__Available data__
◆ ◆ ◆
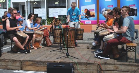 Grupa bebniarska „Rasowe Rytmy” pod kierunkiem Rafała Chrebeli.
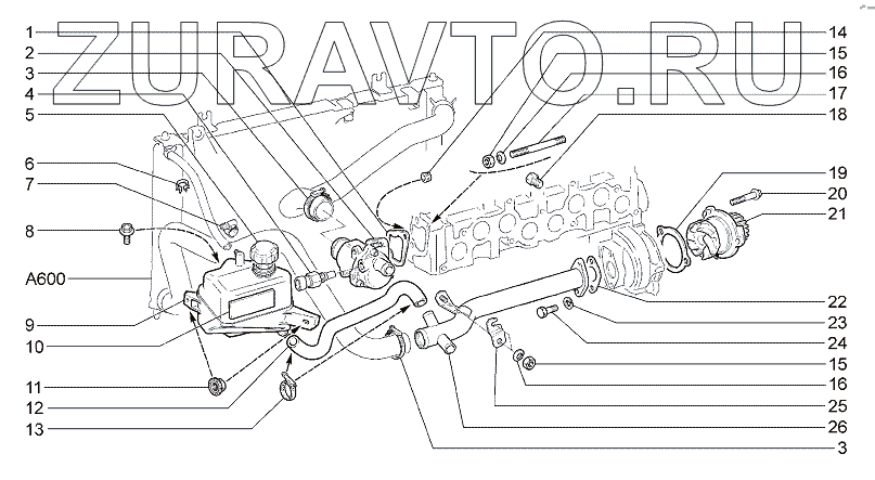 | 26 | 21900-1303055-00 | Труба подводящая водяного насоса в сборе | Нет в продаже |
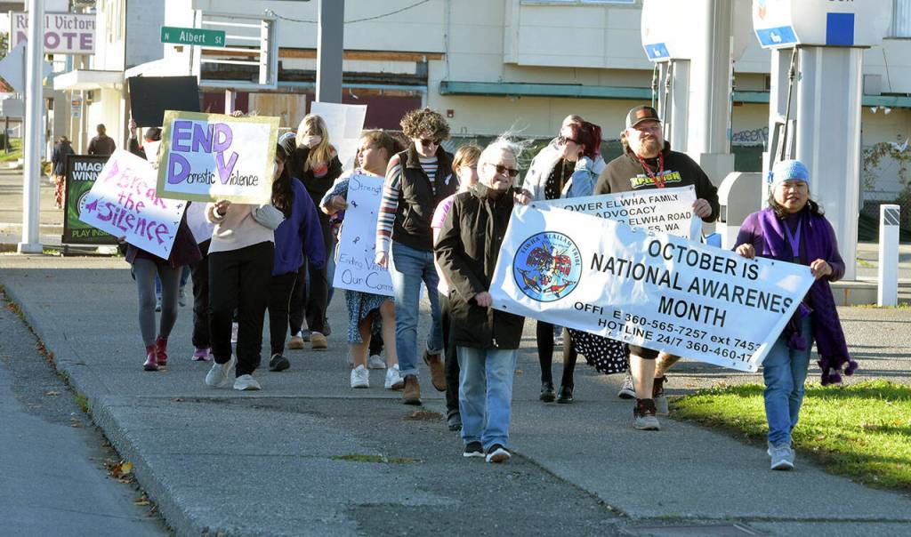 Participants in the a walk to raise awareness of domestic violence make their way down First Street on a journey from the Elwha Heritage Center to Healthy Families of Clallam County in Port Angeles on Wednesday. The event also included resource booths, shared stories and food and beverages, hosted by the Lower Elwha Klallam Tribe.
◆ ◆ ◆
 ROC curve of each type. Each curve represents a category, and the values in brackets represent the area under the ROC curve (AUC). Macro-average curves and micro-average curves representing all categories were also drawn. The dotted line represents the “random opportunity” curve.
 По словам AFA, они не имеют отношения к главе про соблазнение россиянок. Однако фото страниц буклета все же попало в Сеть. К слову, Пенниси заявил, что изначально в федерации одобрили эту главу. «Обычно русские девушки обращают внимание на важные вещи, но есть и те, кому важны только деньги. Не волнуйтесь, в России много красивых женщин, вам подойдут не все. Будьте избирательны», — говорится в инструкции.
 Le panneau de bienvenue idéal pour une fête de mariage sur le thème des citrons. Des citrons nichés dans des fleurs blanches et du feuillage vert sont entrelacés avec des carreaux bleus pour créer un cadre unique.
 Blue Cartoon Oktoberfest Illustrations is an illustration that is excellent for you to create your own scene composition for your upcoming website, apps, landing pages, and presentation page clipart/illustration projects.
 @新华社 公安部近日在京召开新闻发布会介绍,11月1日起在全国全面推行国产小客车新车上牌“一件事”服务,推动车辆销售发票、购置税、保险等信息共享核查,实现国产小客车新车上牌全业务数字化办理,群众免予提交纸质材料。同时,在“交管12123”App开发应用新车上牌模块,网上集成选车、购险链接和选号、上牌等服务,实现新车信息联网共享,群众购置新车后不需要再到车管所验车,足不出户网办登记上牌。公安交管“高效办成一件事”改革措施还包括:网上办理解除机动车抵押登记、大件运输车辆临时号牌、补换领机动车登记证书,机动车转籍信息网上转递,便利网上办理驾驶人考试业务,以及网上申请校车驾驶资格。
◆ ◆ ◆
For the entries above, print exactly the lines between the one with "Grupa bebniarska „Rasowe" and the one with "Participants in the", inclusive, with no pictures.

__Answer box__
 Grupa bebniarska „Rasowe Rytmy” pod kierunkiem Rafała Chrebeli.
 | 26 | 21900-1303055-00 | Труба подводящая водяного насоса в сборе | Нет в продаже |
 Participants in the a walk to raise awareness of domestic violence make their way down First Street on a journey from the Elwha Heritage Center to Healthy Families of Clallam County in Port Angeles on Wednesday. The event also included resource booths, shared stories and food and beverages, hosted by the Lower Elwha Klallam Tribe.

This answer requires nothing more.